My voice was very shaky when I came to the end of that chorus, but the great wave of sound from the kilted laddies rolled out, true and full, unshaken, unbroken.  They carried the air as steadily as a ship is carried upon a rolling sea.

I could sing no more for them, and then, as I made my way, unsteadily enough, from the platform, music struck up that was the sweetest I could have heard.  Some pipers had come together, from twa or three regiments, unknown to me, and now, very softly, their pipes began to skirl.  They played the tune that I love best, “The Drunken Piper.”  I could scarcely see to pick my way, for the tears that blinded me, but in my ears, as I passed away from them, there came, gently wailing on the pipes, the plaintive plea—­

 “Will ye no come back again?”

CHAPTER XXIII

Now it was time to take to the motor cars again, and I was glad of the thought that we would have a bracing ride.  I needed something of the sort, I thought.  My emotions had been deeply stirred, in many ways, that day.  I felt tired and quite exhausted.  This was by all odds the most strenuous day the Reverend Harry Lauder, M.P., Tour had put in yet in France.  So I welcomed the idea of sitting back comfortably in the car and feeling the cool wind against my cheeks.

First, however, the entertainers were to be entertained.  They took us, the officers of the divisional staff, to a hut, where we were offered our choice of tea or a wee hauf yin.  There was good Scots whisky there, but it was the tea I wanted.  It was very hot in the sun, and I had done a deal of clambering about.  So I was glad, after all, to stay in the shade a while and rest my limbs.

Getting out through Arras turned out to be a ticklish business.  The Germans were verra wasteful o’ their shells that day, considering how much siller they cost!  They were pounding away, and more shells, by a good many, were falling in Arras than had been the case when we arrived at noon.  So I got a chance to see how the ruin that had been wrought had been accomplished.

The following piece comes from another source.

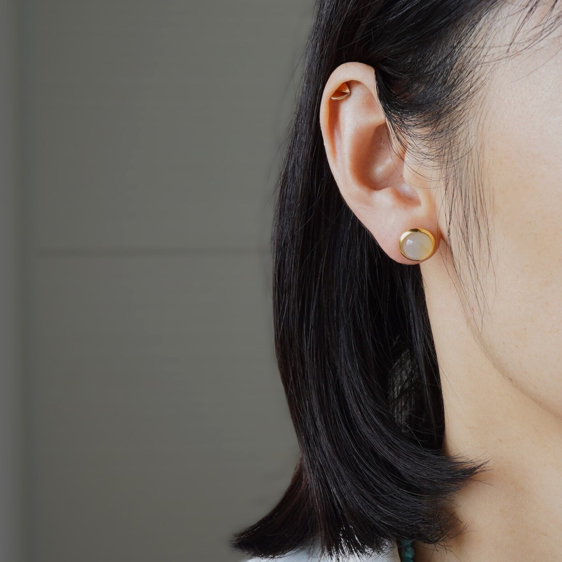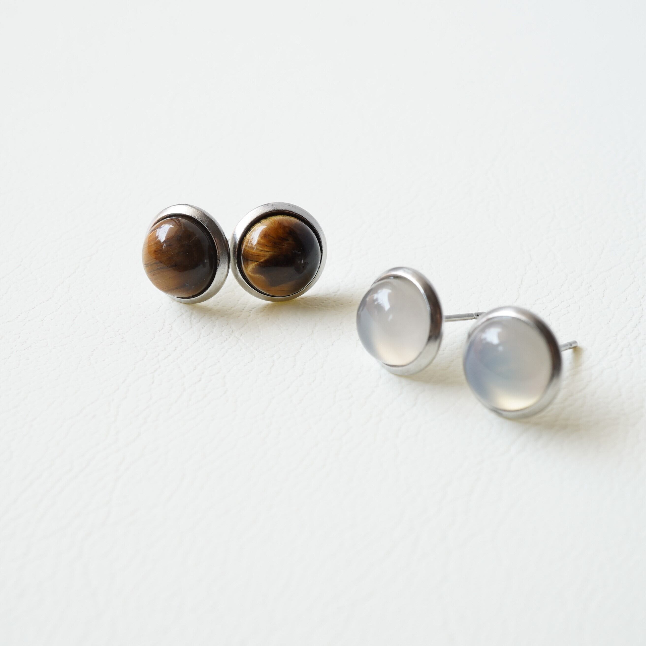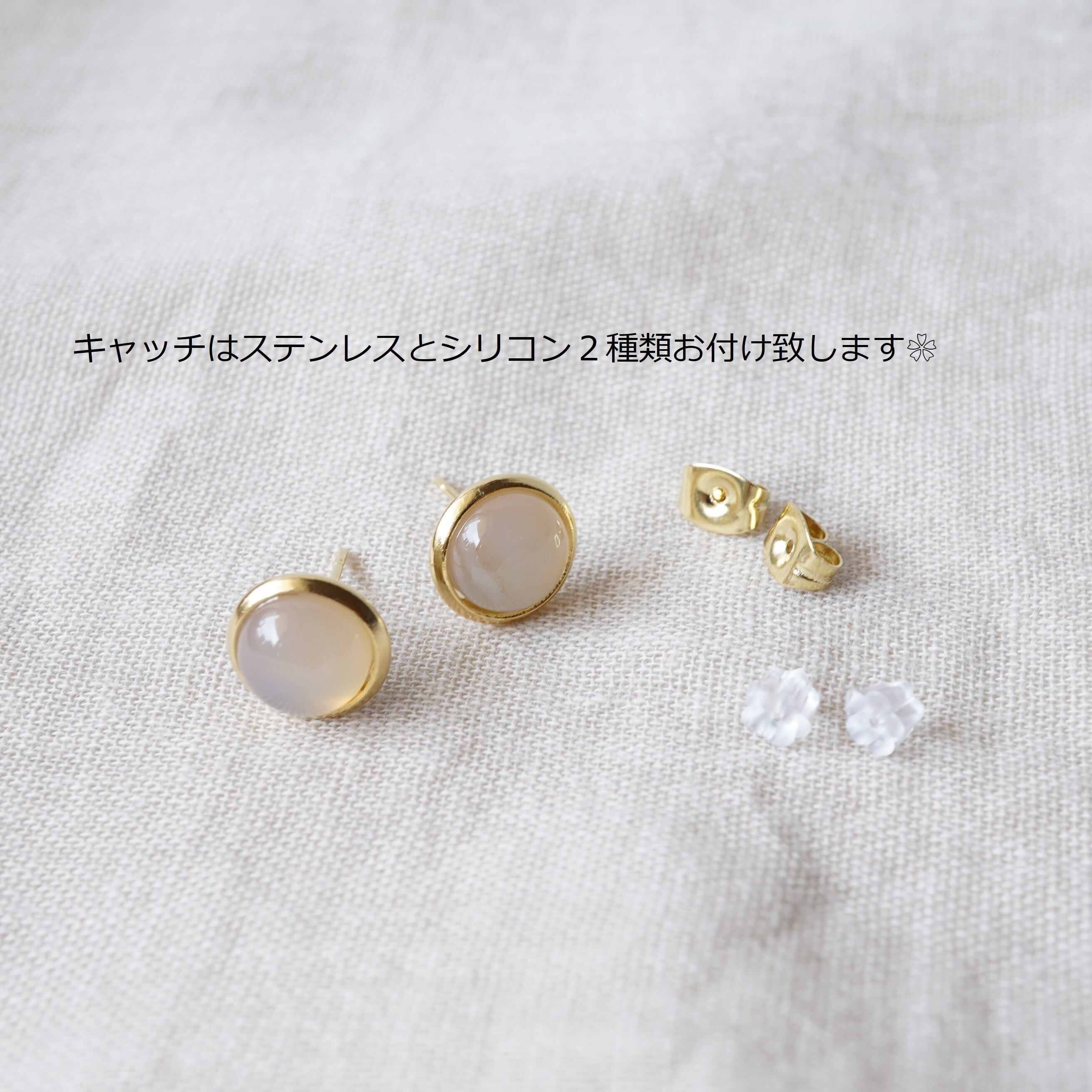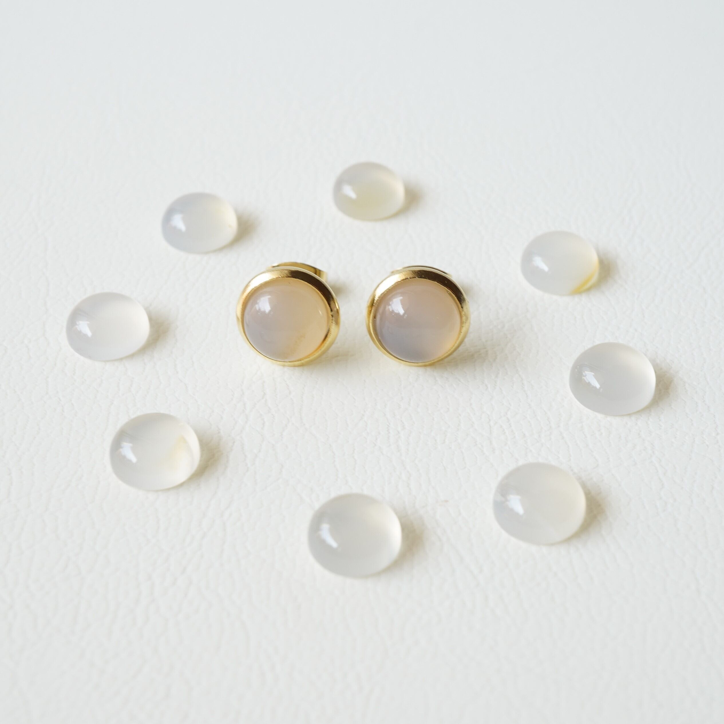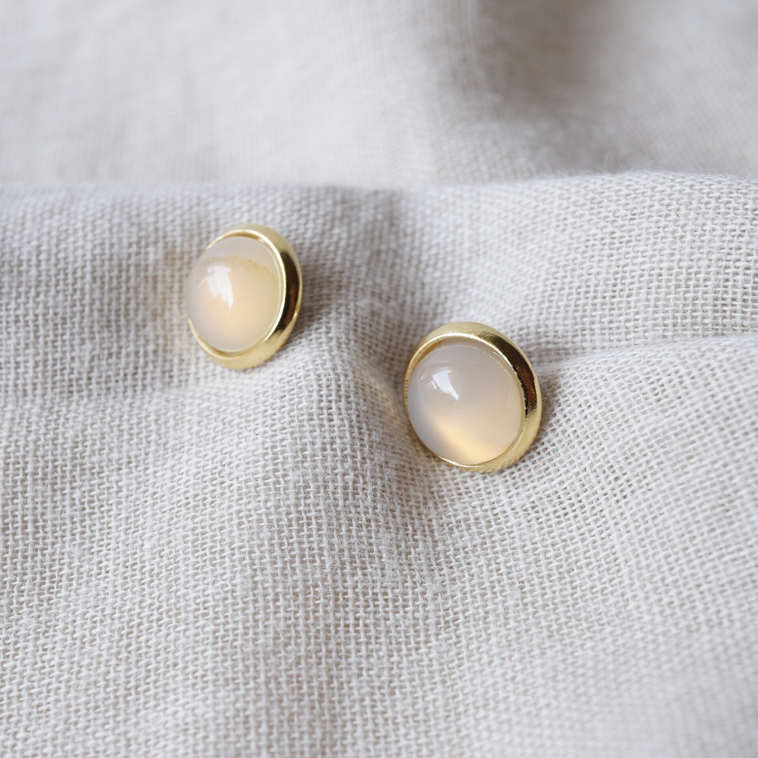 天然ホワイトアゲートを使用したシンプルなスタッドピアスです。

Arras is a wonderful sight, noble and impressive even in its destruction.  But it was a sight that depressed me.  It had angered me, at first, but now I began to think, at each ruined house that I saw:  “Suppose this were at hame in Scotland!” And when such thoughts came to me I thanked God for the brave lads I had seen that day who stood, out here, holding the line, and so formed a bulwark between Scotland and such black ruin as this.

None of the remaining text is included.